Entertainment Magazine

Review #3364: The Good Wife 3.17: “Long Way Home”

Posted on the 15 March 2012 by Entil2001 @criticalmyth

Contributor: Henry T.

Written by Keith Eisner
Directed by Nelson McCormick

This show has never feared what’s coming in the future for its characters. A lot of this episode addresses that notion, particularly with regard to Alicia. She’s prompted to look at expensive houses because her landlord might evict them from their luxury condo. Her kids are soon to be in college. If she goes through with the divorce from Peter (and that’s looking more and more remote), that’s a significant loss of income despite her position as a high-powered lawyer.

Review #3364: The Good Wife 3.17: “Long Way Home”

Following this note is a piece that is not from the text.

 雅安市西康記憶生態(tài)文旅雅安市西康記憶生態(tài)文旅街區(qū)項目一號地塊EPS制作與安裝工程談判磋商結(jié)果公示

The writers also pulled a fast one over me with all the shadowy stuff involving Caitlin and the firm’s power play politics. It was nothing of the sort, with her being neatly escorted out of the narrative with a swiftness that I haven’t seen in a long time. It’s a little too neat, and parallels a lot of what Alicia went through in the time that pre-dates the show, but it proves quite effective. I don’t know what else is in store for everyone here. They don’t seem to stay in the same place for very long.

Looking at the present time, though, the firm once again has to deal with the return of notorious wife-killer Colin Sweeney, embroiled first in what looks like a business takeover scenario, then having to battle sexual harassment issues from a former employee. Sweeney’s return doesn’t sit well with Alicia, and it’s very interesting to see her squirm every time they’re in a room together or when he gives testimony. Especially when the issue of child paternity and what the definition of sex is becomes involved here. The show plays with Sweeney’s oily nature a bit too much as theatrics for my taste so the final twist that the victim and Sweeney were in on the case together wasn’t that big a surprise to me. There were suspicions on my part from the get-go, and they were cemented when it was shown that both parties seemingly perjured themselves in open court without telling their attorneys about it. Playing mind games has always been Sweeney’s specialty, and this was no different.

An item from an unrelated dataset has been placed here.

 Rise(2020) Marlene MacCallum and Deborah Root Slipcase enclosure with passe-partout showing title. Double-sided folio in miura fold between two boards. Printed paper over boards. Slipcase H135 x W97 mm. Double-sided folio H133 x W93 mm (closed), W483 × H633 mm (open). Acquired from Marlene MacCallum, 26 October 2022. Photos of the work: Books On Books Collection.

It was what Lockhart-Gardner and Alicia signed up for when they took Sweeney on as a client. He isn’t the only thing on Alicia’s plate to deal with. Her landlord’s eviction notice gets her to look at her old house in the suburbs, the house she swore earlier in the series she’d never return to. And yet, it might just happen if we’re to believe the final images of the episode. Her kids seem okay with moving back home. The only question is if she can afford it, and that’s a big complication at her work. Though it comes from circumstances that are very much not in her control.

All that buildup from last episode is wasted by taking Caitlin out of the mix. It had looked like she was scheming with her uncle to move in on Alicia’s territory. She was made full litigator by Diane, and some of the shots from last episode indicated that Alicia should watch her back. Turns out Caitlin is pregnant, getting married, and quitting the firm to raise her family. She’s committed to taking this course in her life, and I admire her conviction in sticking to her guns. Alicia and Diane try to talk her out of it because they don’t want to lose an asset like Caitlin, but she’s made up her mind to walk away. She’ll be missed because in her short time on the show, she’d proven to be really good at her job. The way she got that job was a bit suspect, but that doesn’t matter now. Lockhart and Associates will have to survive without her.

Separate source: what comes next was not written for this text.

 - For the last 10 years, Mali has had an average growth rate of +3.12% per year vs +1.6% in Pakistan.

Peter’s part in the episode feels extraneous with all that’s happening on Alicia’s side of things. It’s quiet, but effective though. What starts as a seemingly innocuous investigation into fraternization among colleagues while in office becomes a case of inadvertent (or perhaps intentional) racial bias on Peter’s part. He promoted Cary over three other attorneys with more experience and seniority at the SAO. The other three attorneys happen to be black. Peter takes a harsher stance on one of the attorneys who violated his new anti-fraternization policy not because he is gay, but because he is black. It’s a low-key storyline that organically progresses from one point to the next, then turns on a dime.

This is the kind of thing that makes the show worth watching. Peter may not be consciously aware he’s doing this, rationalizing that he’s more comfortable with Cary than everyone else, but there is room to question whether he might intentionally applying the bias to his staffing process. He made a decision in the previous episode to go for a higher office by compromising his principles, and it’s possible he is doing that here as well. It could be a bump in the road, or something that’s part of a long-term pattern. You just don’t know, and the show is always better when it operates in such moral gray areas.